Tie Me Up! Tie Me Down!

Perhaps one of Almodóvar’s biggest crossover successes, Talk to Her, is another twisted love story, and his most enigmatic and somber. Talk to Her features two men who meet each other while caring for two comatose women: Benigno is a nurse (Javier Camara) who fell in love with dancer Alicia (Leonor Watling), who happened to suffer an accident and land in his care.
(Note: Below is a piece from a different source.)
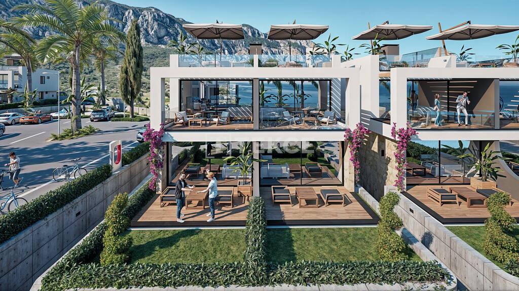 Am Eingang des Geländes befindet sich ein Sicherheitsbarrierensystem, es gibt einen 24/7-Sicherheitsdienst, für jede Wohnung reservierte Parkplätze und einen großen Pool zur gemeinsamen Nutzung auf dem Gelände mit Gemeinschaftsbereichen. Alle Wohnungen sind mit 2 Schlafzimmern auf dem Gelände konzipiert, das landschaftlich gestaltet wird. Die Wohnungen im Erdgeschoss verfügen über einen privaten Gartenbereich. Die Wohnungen im Erdgeschoss verfügen über ein geräumiges Wohnzimmer und eine offene Küche, eine Terrasse und einen Gartenbereich, 2 Schlafzimmer sowie ein Gemeinschaftsbad und -WC. Die Wohnungen im Obergeschoss verfügen über eine Dachterrasse und Meerblick. Zu den Ausstattungsmerkmalen, die den Komfort der Wohnungen erhöhen, gehören die Whirlpool-Infrastruktur auf der Dachterrasse, die Klimaanlagen, die Satelliten- und Internetinfrastruktur sowie die Video-Gegensprechanlage. Die Wohnungen, die kurz- und langfristig ein hohes Mieteinnahmepotenzial in Fremdwährung haben, ziehen während der Ferienzeit die Aufmerksamkeit von Touristen auf sich.

Marco (Dario Grandinetti) had a relationship with bullfighter Lydia (Rosario Flores), who was gored by a bull. The film paints Benigno as devoted to Alicia, but his love reveals itself to be a sinister obsession, even if Almodóvar depicts it through his perspective. He’s soft and feminine, so one might not think he’s threatening at first. Marco is more macho, but he is lovesick over a distant girlfriend in a much more masculine profession. Both men cry and talk about their feelings, allowed to because the women, who normally take lead for Almodóvar, are comatose. But Almodóvar’s most elegant trick is that neither man realizes the severity of their actions, and, so absorbed in their psychodrama, the audience almost falls for it. These men might be feminized but they still feel entitled to women’s bodies and autonomy. 

Beyond these three films, Almodóvar exaggerates heteronormativity in other films. In Labyrinth of Passion, two star-crossed lovers cure each other of respective perversions (nymphomania and homosexuality, of course) by entering in a chaste, heterosexual relationship. The Skin I Live In has Antonio Banderas as a mad scientist who, out of perverted and disturbed love for his dead wife, forces a man to have a sex change and become her. 

Pedro Almodóvar’s queer lens often exposes the hypocrisies and prejudices of society through these problematic tropes and appalling concepts, showing how obscene we all are behind closed doors.